My Thoughts on President Obama and the Vote in North Carolina

Two events from the past couple days have created quite a stir in cyberspace. The first came from the vote by the people of North Carolina to establish a constitutional amendment which effectively seeks to ban same-sex marriage. The second event is President Barack Obama's statement of support for same-sex marriage.

Not so long ago I would have rejoiced at the first and roundly denounced the second. When my own state – Arizona – put a similar measure before the voters in 2008 I voted in favor of the restriction (at least to the best of my memory. As I wrote earlier this year, I would now vote differently. I would reaffirm what I wrote in February and refer the reader again not only to my post but to the links I reference from Elizabeth Esther

Yesterday Rachel Evans posted on this topic and received a huge response ranging across the spectrum. As always with Evans, she argues her point tactfully and clearly, without seeking to bash those who disagree with her. I found Evans' quotation of one college senior particularly to the point:

“When evangelicals turn their anti-gay sentiments into a political campaign, all it does is confirm to my gay friends that they will never be welcome in the church.”

As Evans says regarding the support of her former home church for a similar measure in Tennessee, the signs the church put on the front lawn agitating to ban same-sex marriage communicated a clear and simple message to the community: “EVERYONE BUT GAYS WELCOME.”

As I wrote in February, I don't think it is the place of the secular state to define who should be allowed to marry whom and enjoy the legal benefits of doing so. I find it quite interesting that the same conservatives who so adamantly advocate for government to get out of areas where it has a very legitimate interest in restraining human greed, abuse of power and self-interest such as in business, advocate equally strongly (if not more so) for the intrusion of government into this most personal of relationships.

More importantly, as Rachel Evans strongly emphasizes, by pushing for laws that ban same-sex marriage, are conservative evangelical Christians erecting barriers that keep people from Jesus, rather than opening the doors to them? Are they, in their efforts to defend what they view as a vital truth, keeping people from encountering the love of their Creator God? I understand, I think, why conservatives take the position they do. As Evans writes in her book, “for fundamentalists, Christianity sits perpetually on the precipice of doom, one scientific discovery or cultural shift or difficult theological question away from extinction.” To concede this battle, in the conservative mind, is to take one more step on a slippery slope that will result in the complete collapse of our civilization and the Christian faith.
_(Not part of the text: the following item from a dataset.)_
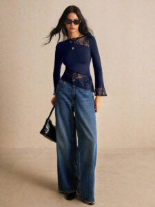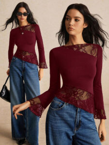 Step out in style with this Navy Blue Asymmetric Lace T-Shirt, a must-have for every woman’s wardrobe this season. Designed with a flutter hem, contrast lace detail, and a flattering boat neckline, this top perfectly blends elegance and comfort.

But is our faith or our civilization as tenuous as that? 

It seems to me at this point in my life that Christian faith is far more about moving forward, progressing toward a greater realization of the Kingdom of God, not about trying to defend against the encroachment of anything that seems to threaten our perception of the way things should be (which more often than not corresponds to a particular cultural image of what is ideal rather than to the radically transformative Kingdom of God.) Christian faith is not primarily about holding on to some golden age in the past but about extending the wildly inclusive, radical grace and love of God to all creation. For this reason I find myself increasingly less conservative in my thinking. The best does not lie behind us – it lies ahead of us. We have not yet attained to the ideal society. We may not attain it in this world, but certainly the ideal doesn't lie behind us and our goal is not simply to restore or cling to some golden era that has already passed.

So today I respond to these two recent events quite differently than I would have not so long ago. I grieve over the vote in North Carolina. And I embrace the statement of President Obama. I know that by acknowledging this I will receive untold amounts of negative feedback from people I hold dear. But I believe our God has room in his house for a lot bigger group than the conservative evangelical agenda allows.